1. Comparing average predictions with average observed y provides a good picture of model bias. In this case, the bias on the test data seems to be small. Studying the same plot on the training data would help to assess in-sample bias.
2. Comparing the shape of partial dependence or ALE with the shape of the average predicted curve provides additional insights. E.g., for the two strong predictors "driver_age" and "car_power", these lines are very similar. This means the effects are mainly due to the feature on the x axis and not of some other, correlated, feature.
3. Sorting is done by decreasing weighted variance of the partial dependence values, a measure of main-effect strength closely related (but not 100% identical) to [3].

### Flexibility

Thanks to the flexibility of the package, you can modify the results as you wish.

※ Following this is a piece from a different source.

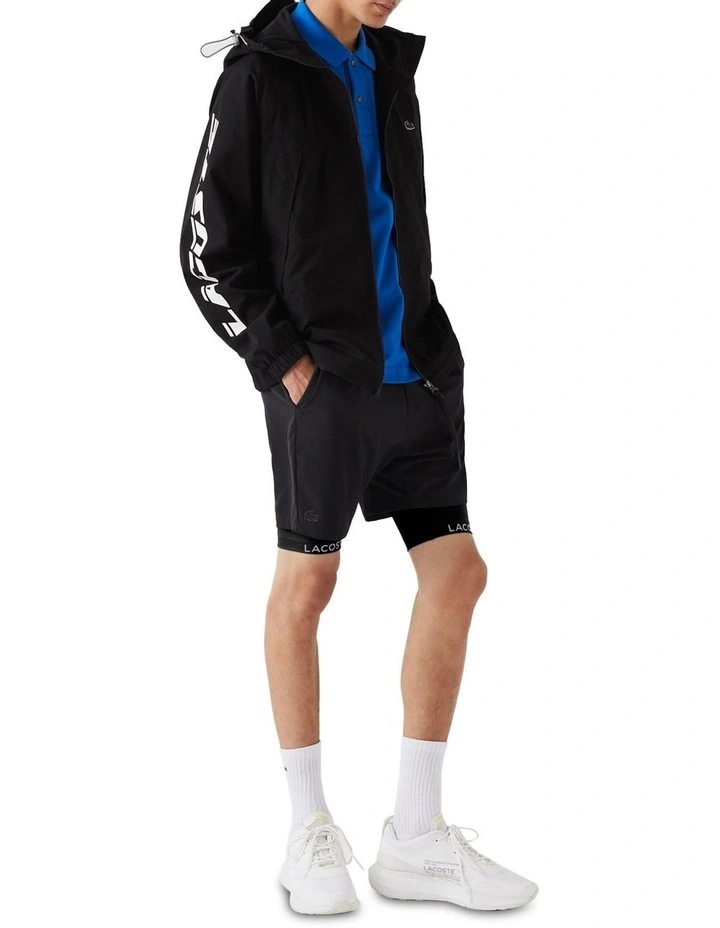 Contrast graphics. Mesh print. Functional, durable, water-repellent. For both on and off the court.

For instance: what about putting results on training data besides those on test? Or comparing different models or subgroups?

```r
m_train <- feature_effects(fit, v = xvars, data = X_train, y = train$claim_nb)
m_test <- feature_effects(fit, v = xvars, data = X_test, y = test$claim_nb)

# Pick top 3 based on train
m_train <- m_train |>
update(sort_by = "pd") |>
head(3)
m_test <- m_test[names(m_train)]

# Plot combined one
c(m_train, m_test) |>
plot(
share_y = "rows",
ncol = 2,
byrow = FALSE,
stat = c("y_mean", "pred_mean"),
subplot_titles = FALSE,
title = "Left: Train - Right: Test",
)
```

![](man/figures/train_test.svg)

See Christoph Molnar's book [4] for more background on feature effects.

# References

1. Apley, Daniel W., and Jingyu Zhu. 2020. *Visualizing the Effects of Predictor Variables in Black Box Supervised Learning Models.* Journal of the Royal Statistical Society Series B: Statistical Methodology, 82 (4): 1059–1086. doi:10.1111/rssb.12377.
2. Friedman, Jerome H. 2001. *Greedy Function Approximation: A Gradient Boosting Machine.* Annals of Statistics 29 (5): 1189–1232. doi:10.1214/aos/1013203451.
.
3. Greenwell, Brandon M., Bradley C. Boehmke, and Andrew J. McCarthy. 2018.
*A Simple and Effective Model-Based Variable Importance Measure.* arXiv preprint. .
4. Molnar, Christoph. 2019. *Interpretable Machine Learning: A Guide for
Making Black Box Models Explainable*.